Even the synthetic Hadal dyes follow the same principal. The idea with these is to offer darker, more fade-resistant, colours which can’t be achieved with older dyes. I made up the name Hadal Blue in reference to the hadal zone in the oceans, below the midnight zone (midnight blue)- I wanted to achieve as dark a blue as possible, by pushing in as much dyestuff as possible, without any lighteners.

The colour itself varies depending on the material and type of garment, however. A soft and highly textured Fine Beekeeper’s Cloth shirt (above) turns a much darker blue than a smoother, more tightly woven, and fully lined Beekeeper’s Calico jacket (left).

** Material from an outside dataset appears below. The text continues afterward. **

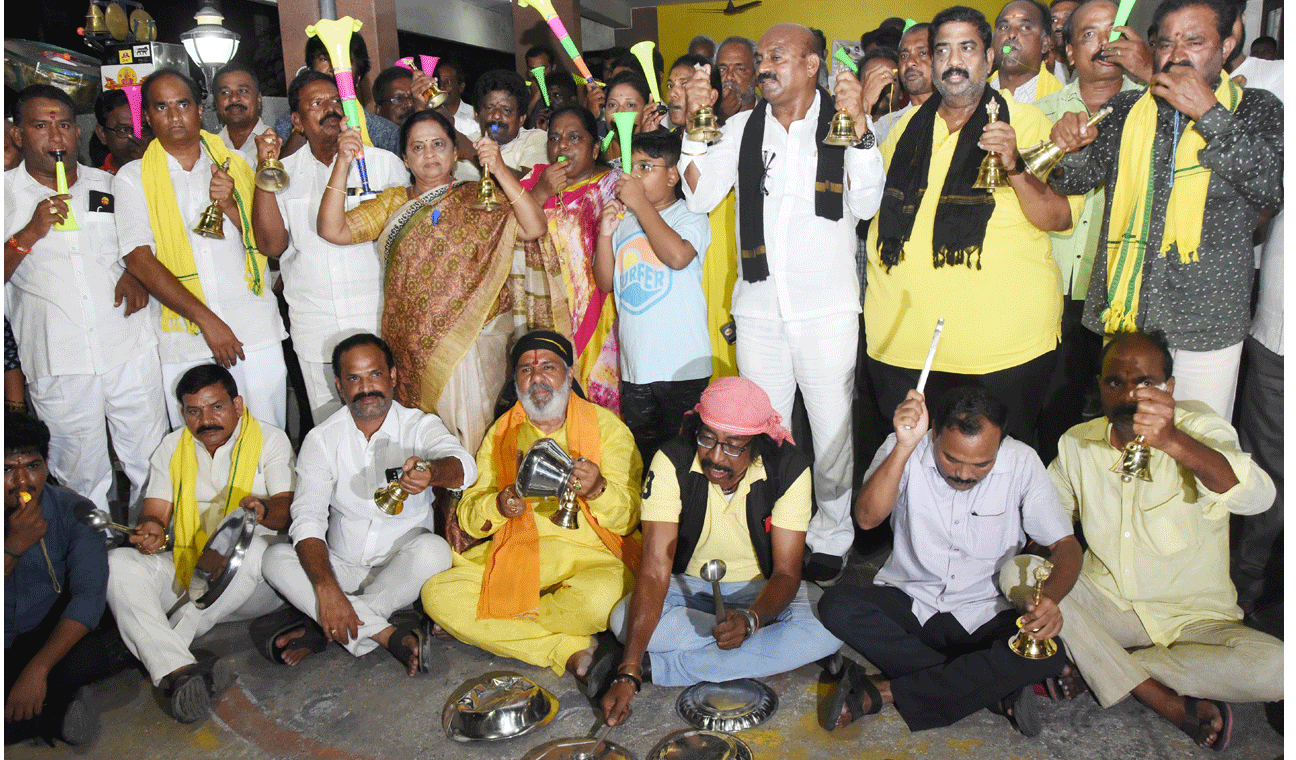 తిరుపతి, సెప్టెంబరు 30 (ఆంధ్రజ్యోతి): చంద్రబాబు అరెస్టు తీరుకు నిరసనగా తెలుగుదేశం ఇచ్చిన పిలుపు మేరకు శనివారం రాత్రి జిల్లావ్యాప్తంగా పార్టీ శ్రేణులు మోత మోగించాయి.వారికి దీటుగా సామాన్య జనం కూడా పెద్దఎత్తున స్వచ్ఛందంగా పాల్గొన్నారు.ఏర్పేడు మండలం మడిబాక గ్రామంలోని రామాలయంలో మహిళలు దీపాలు చేతబట్టుకుని గుడి గంట మోగించారు. తారాజువ్వల వెలుగులు, బాణాసంచా పేలుళ్ళతో అదే మండలంలోని పల్లం గ్రామంలో ఆకాశం దద్ధరిల్లిపోయింది. ఆ మండల కేంద్రం దళితవాడలో చప్పట్ల నడుమ గ్రామస్తులు కంచాలు మోగించారు. డక్కిలి మండలం నరసనాయుడుపల్లిలో కొవ్వొత్తుల వెలుగులో మహిళలు, చిన్నారులు హారన్లు మోగించారు. శ్రీకాళహస్తిలోని ఓ ట్రాక్టర్ ట్రాలీ వర్క్షాపు వద్ద ఇనుపరేకులపై అభిమానులు మోత మోగించారు. అదే పట్టణంలో గాండ్ల సామాజికవర్గానికి చెందిన అభిమానులు నూనె డబ్బాలు మోగించి తమ అభిమానం చాటుకున్నారు. సత్యవేడులో వినూత్న రీతిలో అభిమానులు సైరన్ మోగించారు. వరదయ్యపాలెం మండలం కడూరులో ముస్లిం మైనారిటీలు బిందెలు మోగించారు. తిరుపతిలో మాజీ ఎమ్మెల్యే సుగుణమ్మ తన నివాసంలో కంచం మోగించి నిరసన వ్యక్తం చేయగా తిరుపతి పార్లమెంటు టీడీపీ అధ్యక్షుడు నరసింహయాదవ్ నివాసంలో ఆయన సతీమణి చిన్నారులతో కలసి కంచాలు మోగించారు. నగరంలోని తనపల్లి సర్కిల్లో టీడీపీ రాష్ట్ర అధికార ప్రతినిధి మద్దిపట్ల సూర్యప్రకాష్, తెలుగుయువత రాష్ట్ర ప్రధాన కార్యదర్శి రాగల ఆనంద గౌడ్ హారన్లు మోగించారు. చంద్రగిరిలో కార్యకర్తలతో కలసి ఇంఛార్జి పులివర్తి నానీ హారన్లు మోగించగా వెంకటగిరిలో బ్యాండు సన్నాయి, డప్పు వాయిద్యాల నడుమ టీడీపీ శ్రేణులు కంచాలు మోగించారు. గూడూరులో మాజీ ఎమ్మెల్యే పాశిం సునీల్ నివాసం వద్ద పార్టీ నేతలు, కార్యకర్తలు డప్పు చప్పుళ్ళ నడుమ హారన్, విజిల్, కంచాలు మోగించి నిరసన వ్యక్తం చేశారు. నాయుడుపేటలో టీడీపీ కార్యాలయం వద్ద మాజీ ఎమ్మెల్యే నెలవల సుబ్రమణ్యం సహా కార్యకర్తలు, మహిళలు డ్రమ్ములు, కంచాలు, విజిల్ మోగించారు. ఓజిలి పాత పంచాయతీ కార్యాలయం వద్ద గ్రామస్తులు డ్రమ్ములు మోగించారు. సూళ్ళూరుపేట, కోట, వరదయ్యపాలెం మండల కేంద్రాల్లో టీడీపీ వర్గీయులు విజిల్స్ వేస్తూ ర్యాలీలు నిర్వహించారు. శ్రీకాళహస్తిలో మాజీ ఎమ్మెల్యే ఎస్సీవీ నాయుడు తన నివాసం వద్ద కార్యకర్తలతో కలసి విజిలేశారు. పట్టణంలోని పూసల వీధిలో కూడా కార్యకర్తలు కంచాల మోతతో సందడి చేశారు. కేవీబీపురం, బీఎన్ కండ్రిగ, పుత్తూరు ఎస్బీఐ కాలనీ, పిచ్చాటూరు మండలం చెంచురాజు కండ్రిగలో కంచాలతో పాటు ద్విచక్ర వాహన హారన్లు మోగించారు. కీలపూడిలో మహిళలు కంచాలపై గరిటెలతో కొట్టి శబ్దాలు చేశారు. వడమాలపేట మండలం తట్నేరిలో విజిల్స్ మారుమోగ

The nicest thing about dyes for me, however, particularly natural garment dyes, are the irregularities that show up during dyeing, and the terrific potential to show use and age as they wear off. Nowhere is this more celebrated than in indigo denim, but I’ve written about that in On Lost Jeans so I’ll finish with a one-off piece: it’s a Type 441 Compass Pocket Shirt cut from ecru curtain lining (a tightly woven cotton satin) and dyed with turmeric.

This was the first piece dyed with for Spring/Summer 2022 and it was hung on a rail in a showroom in Tokyo for a few weeks, during wholesale stockist appointments. The rail was quite near a window looking out onto the street, and over a few weeks in the summer the bright tropical yellow faded to a much softer creamy cowslip colour where it was exposed to the sun. The inside of the shirt, and various parts that were folded away from the light, retain the original shade, with soft undulating fades between the different parts. It’s quite hard to capture in photos (natural dyes often are), but it’s a really lovely piece, which will continue to fade and adapt as it’s worn. This faded shirt has now gone to a new home, but turmeric fades particularly nicely, so bright newly turmeric-dyed garments will quickly take on the same character.